• _Problem_: Give every entry again, unchanged, and leave its images out.

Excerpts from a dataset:
---*---

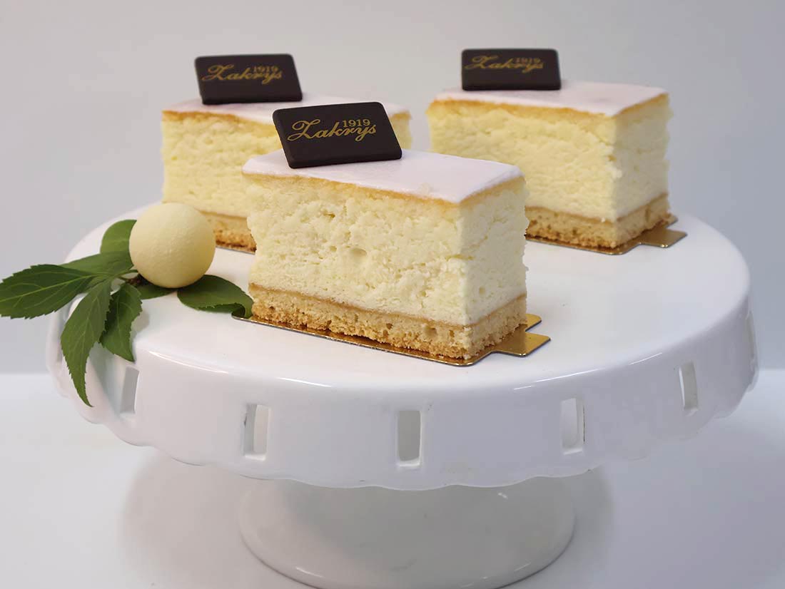 spód z ciasta biszkoptowo tłuszczowego, masa serowa na bazie masła i chudego wiejskiego twarogu oraz aromatu waniliowego. Całość wykończona pomadą oraz firmową czekoladką.
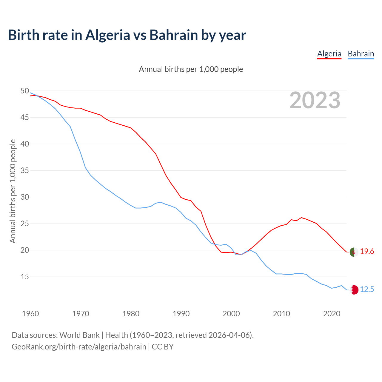 Algeria has an annual birth rate of 19.6 births per 1,000 people, compared to 12.5 for Bahrain. The average number of children a woman is expected to have during her lifetime — the fertility rate, is 2.77 in Algeria and 1.82 in Bahrain — 34.1% difference.
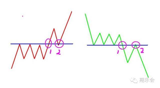 这里说的就是,上涨中,我们要找到横盘的时候,当横盘的高点突破时,我们要坚决入场,此时往往伴随着放量,会令你迅速远离建仓区,迅速获利。另外一种就是当价格突破以后,会寻找支撑,以获得更大的动能,我们可以在第二个入场点位入场,当你在第一个点位入场,价格涨幅很小,同时又下跌回试支撑的时候,你可以继续拿单,不要着急,因为后面的行情肯定是不会小的,不然行情不会去寻找支撑。
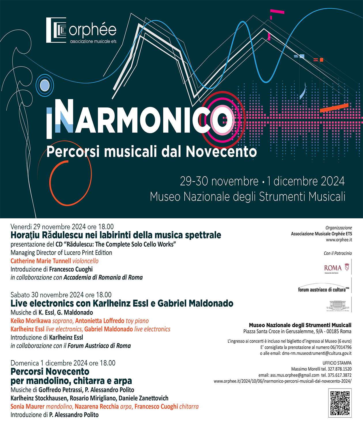 Gli altri incontri in programma sono un concerto con musiche di Karlheinz Essl e Gabriel Maldonado (in collaborazione con il Forum Austriaco di Roma), con importanti composizioni per voce, toy piano e live electronics dei compositori citati e un concerto per arpa, chitarra e mandolino che esplora il repertorio contemporaneo del Novecento di questa combinazione strumentale (musiche di Petrassi, Stockhausen, Polito, etc.).
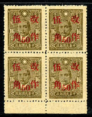 China 1943 Wartime 50¢/16¢ East Szechwan Scott 530f50 Mint BLOCK N584
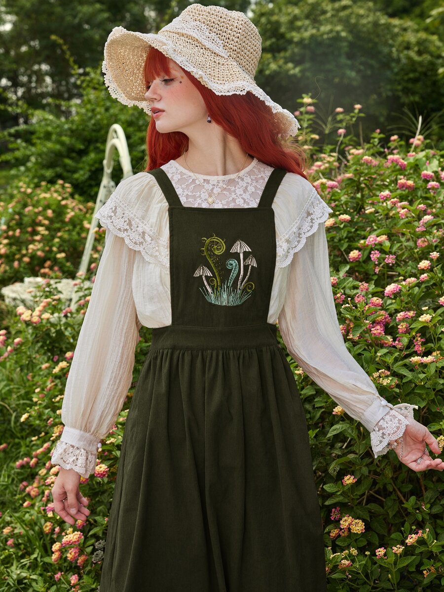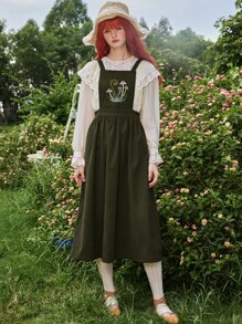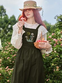 Fairycore Overall Kleid mit Pilz Stickerei ohne Top

---*---

• _Your response_:
 spód z ciasta biszkoptowo tłuszczowego, masa serowa na bazie masła i chudego wiejskiego twarogu oraz aromatu waniliowego. Całość wykończona pomadą oraz firmową czekoladką.
 Algeria has an annual birth rate of 19.6 births per 1,000 people, compared to 12.5 for Bahrain. The average number of children a woman is expected to have during her lifetime — the fertility rate, is 2.77 in Algeria and 1.82 in Bahrain — 34.1% difference.
 这里说的就是,上涨中,我们要找到横盘的时候,当横盘的高点突破时,我们要坚决入场,此时往往伴随着放量,会令你迅速远离建仓区,迅速获利。另外一种就是当价格突破以后,会寻找支撑,以获得更大的动能,我们可以在第二个入场点位入场,当你在第一个点位入场,价格涨幅很小,同时又下跌回试支撑的时候,你可以继续拿单,不要着急,因为后面的行情肯定是不会小的,不然行情不会去寻找支撑。
 Gli altri incontri in programma sono un concerto con musiche di Karlheinz Essl e Gabriel Maldonado (in collaborazione con il Forum Austriaco di Roma), con importanti composizioni per voce, toy piano e live electronics dei compositori citati e un concerto per arpa, chitarra e mandolino che esplora il repertorio contemporaneo del Novecento di questa combinazione strumentale (musiche di Petrassi, Stockhausen, Polito, etc.).
 China 1943 Wartime 50¢/16¢ East Szechwan Scott 530f50 Mint BLOCK N584
 Fairycore Overall Kleid mit Pilz Stickerei ohne Top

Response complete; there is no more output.